彼女は翌朝来てくれた。事情を話し、日雇いなどで食い繋いで再起を図る話にまとまる。穀潰しから住所不定無職に成り下がったのにもかかわらず、彼女は今までと同じく僕に接してくれた。やはり、昨日の夕べに話をしてから、彼女は僕の地元まで探しに来ていたらしい。もっと早く連絡しておくべきだったと反省する。
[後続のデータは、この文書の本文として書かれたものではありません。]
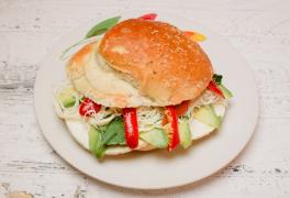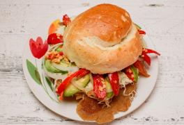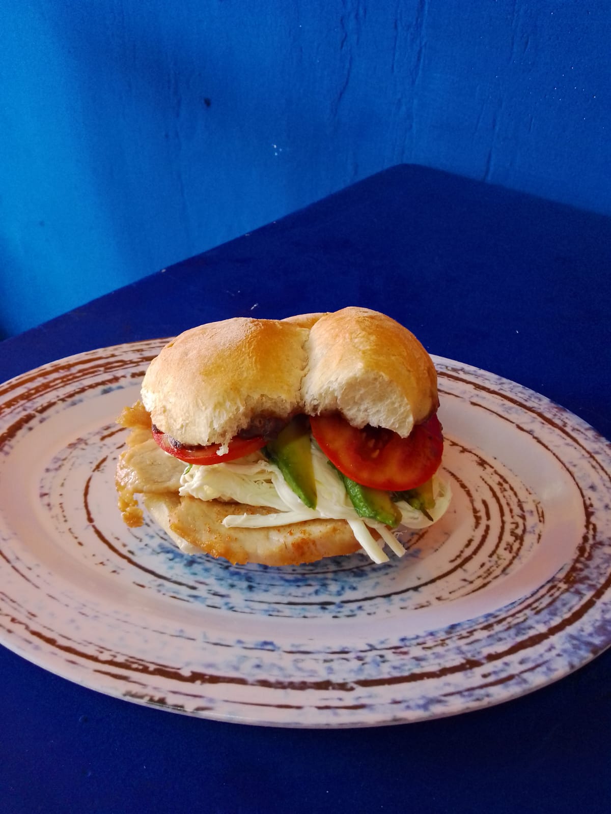 Torta de pan suave rellena de milanesa de puerco crujiente y fresca verdura.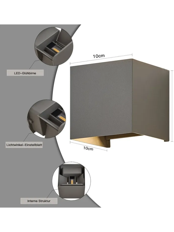 Einfache Installation – Unsere Gartenwandlampe ist nur 10*10*10 cm groß, kompakt im Design, platzsparend und sehr einfach zu installieren. Mit den beigefügten Installationsanweisungen können Sie diese Außenwandlampe schnell und mühelos montieren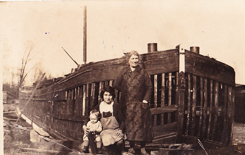 Voici le "Scarpe" la péniche où est né mon papa ici au chantier Deturcq à Beuvry en 1933 sur la photo on y voit mon arrière grand-mère, ma grand mère et ma tante qui a aujourd'hui plus de 80 ans. Je ne plonge pas dans la généalogie mais quand on sait que j'ai moi-même des petits-enfants on en arrive à la 6ème génération de bateliers même si mes petits enfants ne sont pas encore mariniers (peut être le deviendront-ils un jour) mais ils ont leur parents qui le sont donc ils connaissent très bien le bateau et vivent dessus toutes leurs vacances et les week-end (eh ! oui malheureusement ils connaissent aussi les joies de la pension). Quelle évolution (et heureusement) entre les jolies péniches en bois et la modernité des bateaux à l'heure actuelle. Malheureusement la société qui ne connait pas notre monde en sont restés pour la plupart à l'homme du Picardie et même certains pensent que le métier n'existe même plus ! (entre nous soit dit je pense que c'est ceux là qui n'ont pas évolués)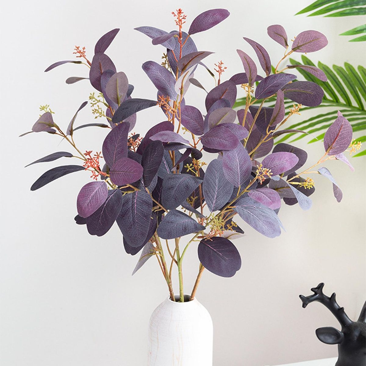 Simulated Eucalyptus leaves have clear veins for a realistic appearance; and its branches are lined with wire that can be freely bent to meet your decorative needs.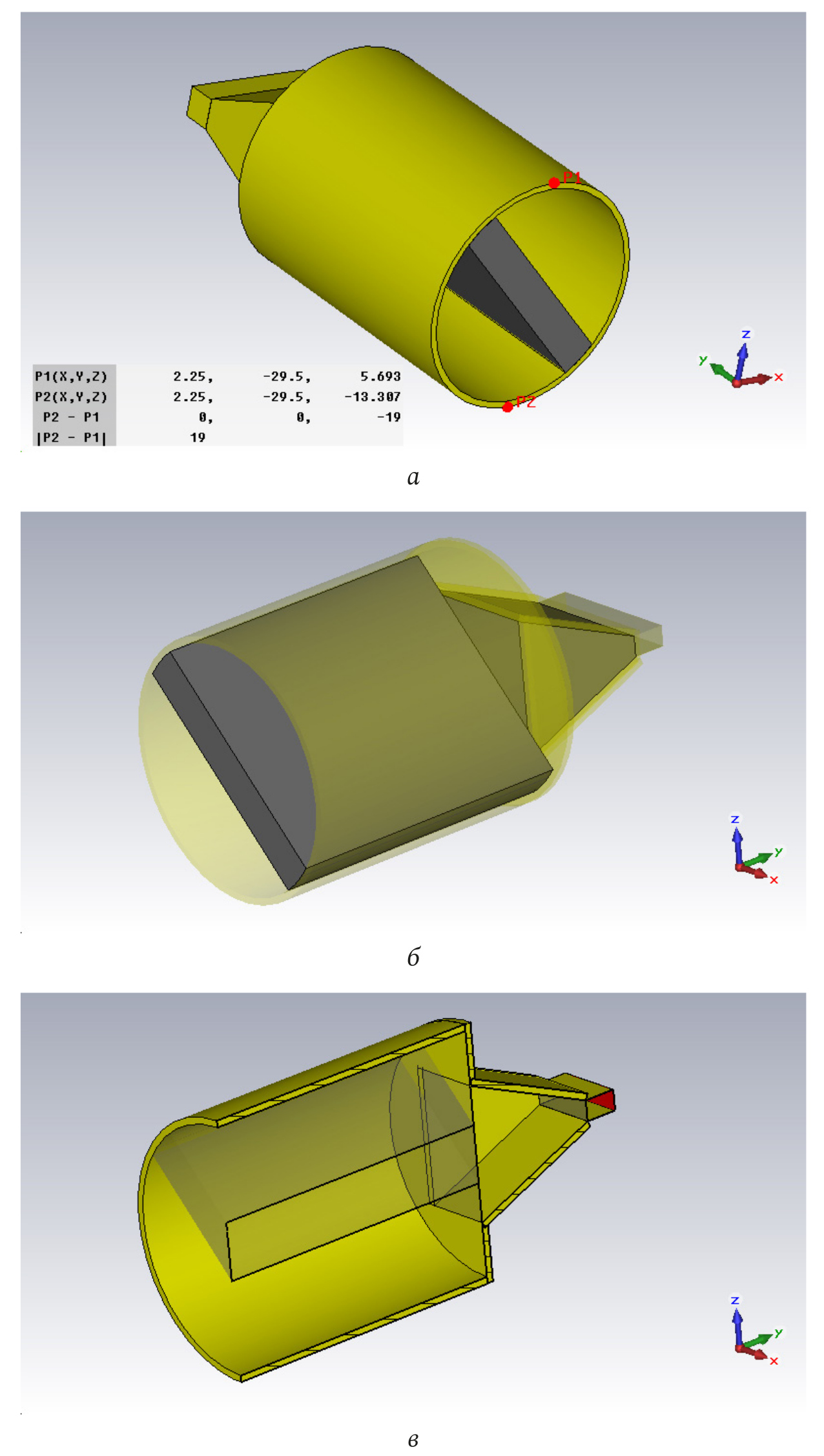 На рис. 1 показана модель антенного элемента, построенного на основе круглого волновода с внутренним диаметром 18 мм и диэлектрической пластиной, плоскость которой ориентирована под углом 45° к силовым линиям вектора напряженности электрического поля. Круглый волновод запитывается с помощью линейно расширяющегося перехода от прямоугольного волновода к квадратному волноводу, полностью заполненного диэлектриком – полистиролом, для реализации необходимой пространственной ориентации пластины в круглой части волновода, а также для уменьшения отражений от стыка квадратного и круглого волноводов.

しかし、ここからが酷い有り様だった。飛び出した日が悪く、ハローワークが開くのが三日後の週明けで、求人情報紙も軒並み取り去られた後。例え三日何とか凌いだ所で、仕事は一朝一夕には入らない事を考えれば、五百円では餓死までは行かずとも、まともな仕事に就ける風体ではないだろう。彼女がネット求人で日雇いの口を調べて来てくれていたし、意思の上では何とかする気であったけれど、現実的な思考は、ここまで来てはみたものの、やはりどうにもなりそうにないな、と結論していた。求職活動には何かと物要りだのに、証明写真はおろか、履歴書すら手に入れられそうになければ、印鑑だって持ってきていなかったのだから。
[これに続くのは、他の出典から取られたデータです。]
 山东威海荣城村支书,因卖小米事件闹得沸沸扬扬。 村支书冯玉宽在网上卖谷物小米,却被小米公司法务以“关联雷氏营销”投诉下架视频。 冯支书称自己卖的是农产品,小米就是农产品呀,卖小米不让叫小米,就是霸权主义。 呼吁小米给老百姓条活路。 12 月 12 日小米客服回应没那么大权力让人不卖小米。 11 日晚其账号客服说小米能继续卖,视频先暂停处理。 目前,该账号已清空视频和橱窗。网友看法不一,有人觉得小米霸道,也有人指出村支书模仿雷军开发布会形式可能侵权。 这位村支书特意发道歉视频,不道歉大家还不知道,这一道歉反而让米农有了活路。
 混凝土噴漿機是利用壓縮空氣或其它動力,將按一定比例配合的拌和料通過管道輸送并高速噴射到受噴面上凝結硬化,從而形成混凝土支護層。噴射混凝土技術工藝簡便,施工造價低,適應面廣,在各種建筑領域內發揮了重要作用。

が、彼女は僕に日雇いの口入りクリアファイルを押し付けると、「私の安心入りだから」と口添えた。安心とは何ぞやと覗くと、プリントアウトした紙の間に大金が挟まっているではないか。いくら馬鹿な僕でも、これがどのようなお金で、何のためのお金なのかは理解出来る。最初はなんとしてもそのまま返そうと思ったのだけれど、何のためのお金か――そのもう少し先を考えて、受け取る事にした。
こんな有り様の僕を、まだ彼女は信じてくれている。だから。